Don’t be alarmed by the humidity rising and the barometer getting low; we have just come to the end of the tenth season of RuPaul’s Drag Race All Stars. According to all sources (citation pending), it’s a bubbly but unshocking end to a lackluster season. Rainstorms? More like a drizzle.

While the procedural advent of the brackets monopolized much of the conversation, the season has been shockingly short on personality. The semifinals have been a hodgepodge of stumbling to reignite or (if you’re Irene, sadly) completely smother the momentum the queens created in their brackets. But the season wasn’t broken by a new format alone: The quick succession of Snatch Game, talent show, and now Lip Sync LaLaPaRuZa is Drag Race being more snoozily reliant on formula than ever before. In total, the finale gives us seven lip syncs without a dud among them, but they bring All Stars to a close with the season never finding much of a story to tell.

First order of business is that the Wild Card returning queen is revealed to be Kerri Colby. Given the cliffhanger pageantry of last week’s reveal that only she and Mistress Isabelle Brooks would be in the running, her Totally Randomly Selected return to the workroom is rather low-key. It’s one of the signs of the bracket format’s failure: At the close of her bracket, it felt like Kerri got a raw deal. But weeks later, we’re struggling to remember the drama that kept her from the semifinals. If the wild card is meant to shake things up, there should be more momentum behind the returning queen.

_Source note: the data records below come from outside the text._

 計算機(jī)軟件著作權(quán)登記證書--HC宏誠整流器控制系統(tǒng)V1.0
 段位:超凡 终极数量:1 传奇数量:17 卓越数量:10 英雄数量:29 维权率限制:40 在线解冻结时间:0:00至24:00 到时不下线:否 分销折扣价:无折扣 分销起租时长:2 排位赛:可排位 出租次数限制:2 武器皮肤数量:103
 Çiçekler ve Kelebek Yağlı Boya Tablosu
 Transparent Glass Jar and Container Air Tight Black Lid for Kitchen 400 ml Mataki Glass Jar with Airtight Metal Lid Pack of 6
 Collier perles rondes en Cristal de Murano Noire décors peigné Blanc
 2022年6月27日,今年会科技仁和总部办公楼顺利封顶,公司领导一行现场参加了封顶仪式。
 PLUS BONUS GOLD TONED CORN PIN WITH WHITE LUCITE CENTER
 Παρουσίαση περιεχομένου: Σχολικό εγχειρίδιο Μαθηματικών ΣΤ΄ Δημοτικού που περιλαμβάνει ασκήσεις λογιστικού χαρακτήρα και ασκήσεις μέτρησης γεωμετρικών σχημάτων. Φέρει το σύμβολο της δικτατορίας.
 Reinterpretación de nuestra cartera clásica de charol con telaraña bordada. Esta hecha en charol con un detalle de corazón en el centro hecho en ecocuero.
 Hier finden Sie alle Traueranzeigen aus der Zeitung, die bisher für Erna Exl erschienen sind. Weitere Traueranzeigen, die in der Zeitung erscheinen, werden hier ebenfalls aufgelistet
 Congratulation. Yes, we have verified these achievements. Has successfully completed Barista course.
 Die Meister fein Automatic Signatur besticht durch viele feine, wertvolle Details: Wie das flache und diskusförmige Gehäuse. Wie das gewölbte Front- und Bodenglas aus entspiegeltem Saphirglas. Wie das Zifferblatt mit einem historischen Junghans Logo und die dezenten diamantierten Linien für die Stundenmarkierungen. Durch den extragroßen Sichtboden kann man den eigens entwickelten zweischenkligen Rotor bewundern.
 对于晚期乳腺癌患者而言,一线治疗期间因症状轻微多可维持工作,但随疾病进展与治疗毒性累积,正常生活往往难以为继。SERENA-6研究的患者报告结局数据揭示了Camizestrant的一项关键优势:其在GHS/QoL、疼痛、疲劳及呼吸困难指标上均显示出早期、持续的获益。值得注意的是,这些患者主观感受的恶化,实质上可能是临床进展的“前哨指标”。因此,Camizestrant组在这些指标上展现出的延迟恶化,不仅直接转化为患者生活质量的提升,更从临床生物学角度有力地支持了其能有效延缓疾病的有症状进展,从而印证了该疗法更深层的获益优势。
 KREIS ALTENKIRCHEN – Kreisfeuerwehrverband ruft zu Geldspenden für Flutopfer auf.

There’s a larger excitement roadblock, however, in the lip-sync finale itself. This all but rules out some queens’ chances of winning (sorry, Kerri), while it could have made strong contenders of others who never even made it to the semifinals (Denali). And given the structure of this bracket season, we have already seen these All Stars lip-sync many, many times over the course of their Drag Race tenure. What are the chances we’re going to see something we haven’t seen from them before? To try to make up for that missing drama, Rate-a-Queen is back, once more forcing gay people to understand what a seeded bracket is. (I for one am still confused.)

Aside from this cruel fate, a finale showdown isn’t as satisfying a time for the show to deploy the Lip Sync LaLaPaRuZa. It serves a more dramatic, high-stakes function when it leads to a queen’s elimination or return to the competition. But it’s even better with such subterranean-low stakes as a prize for a previously ousted queen (allowing for surprises like putting respeito on the good name of Megami even when she doesn’t ultimately win). As an avenue to awarding the season’s final champion, it ends up becoming an unbalanced mad dash to the finish line that serves no queen but the one left standing. Anyway, bring back regular eliminations on All Stars seasons.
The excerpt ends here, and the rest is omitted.